Task requirements
From the line containing "KORTMANN: Nein, das" through the last line of the records below, each line is to be repeated exactly; pictures are to be omitted.

Study material
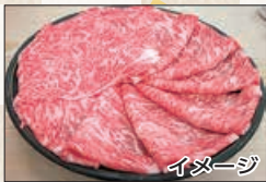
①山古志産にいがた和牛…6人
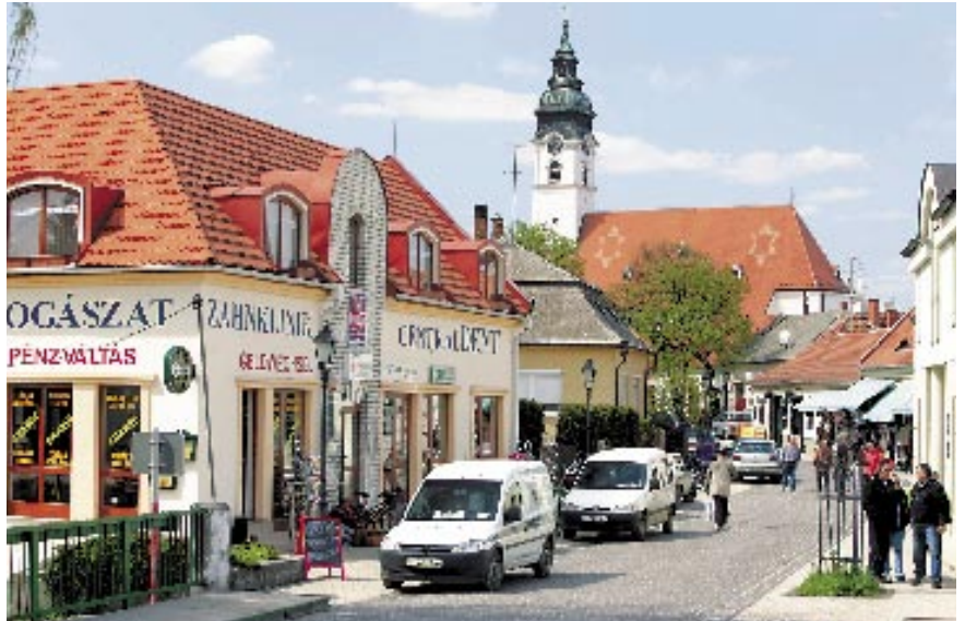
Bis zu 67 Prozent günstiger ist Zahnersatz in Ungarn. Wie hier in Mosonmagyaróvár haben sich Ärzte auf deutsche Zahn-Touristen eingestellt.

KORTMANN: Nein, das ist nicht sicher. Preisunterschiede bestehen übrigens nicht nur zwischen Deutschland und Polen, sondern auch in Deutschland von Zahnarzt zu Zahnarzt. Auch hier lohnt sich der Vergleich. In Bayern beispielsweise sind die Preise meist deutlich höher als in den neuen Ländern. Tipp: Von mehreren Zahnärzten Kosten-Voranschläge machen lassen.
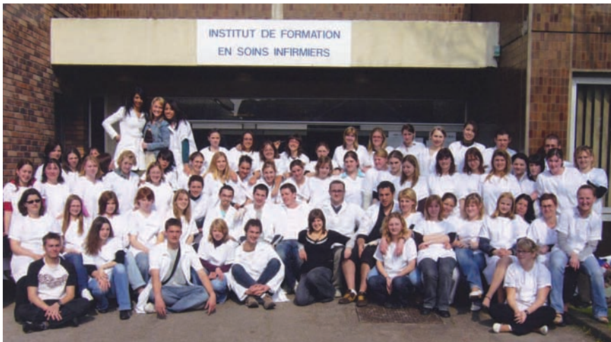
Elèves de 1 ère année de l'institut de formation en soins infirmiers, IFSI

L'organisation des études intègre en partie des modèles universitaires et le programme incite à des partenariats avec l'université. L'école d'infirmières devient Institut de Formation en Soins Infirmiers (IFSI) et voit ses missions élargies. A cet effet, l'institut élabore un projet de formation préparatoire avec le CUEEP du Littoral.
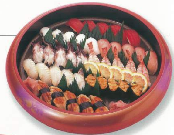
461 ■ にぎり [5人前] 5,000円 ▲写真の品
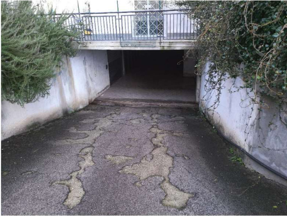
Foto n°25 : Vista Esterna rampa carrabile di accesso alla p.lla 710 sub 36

Expected output
KORTMANN: Nein, das ist nicht sicher. Preisunterschiede bestehen übrigens nicht nur zwischen Deutschland und Polen, sondern auch in Deutschland von Zahnarzt zu Zahnarzt. Auch hier lohnt sich der Vergleich. In Bayern beispielsweise sind die Preise meist deutlich höher als in den neuen Ländern. Tipp: Von mehreren Zahnärzten Kosten-Voranschläge machen lassen.
Elèves de 1 ère année de l'institut de formation en soins infirmiers, IFSI

L'organisation des études intègre en partie des modèles universitaires et le programme incite à des partenariats avec l'université. L'école d'infirmières devient Institut de Formation en Soins Infirmiers (IFSI) et voit ses missions élargies. A cet effet, l'institut élabore un projet de formation préparatoire avec le CUEEP du Littoral.
461 ■ にぎり [5人前] 5,000円 ▲写真の品
Foto n°25 : Vista Esterna rampa carrabile di accesso alla p.lla 710 sub 36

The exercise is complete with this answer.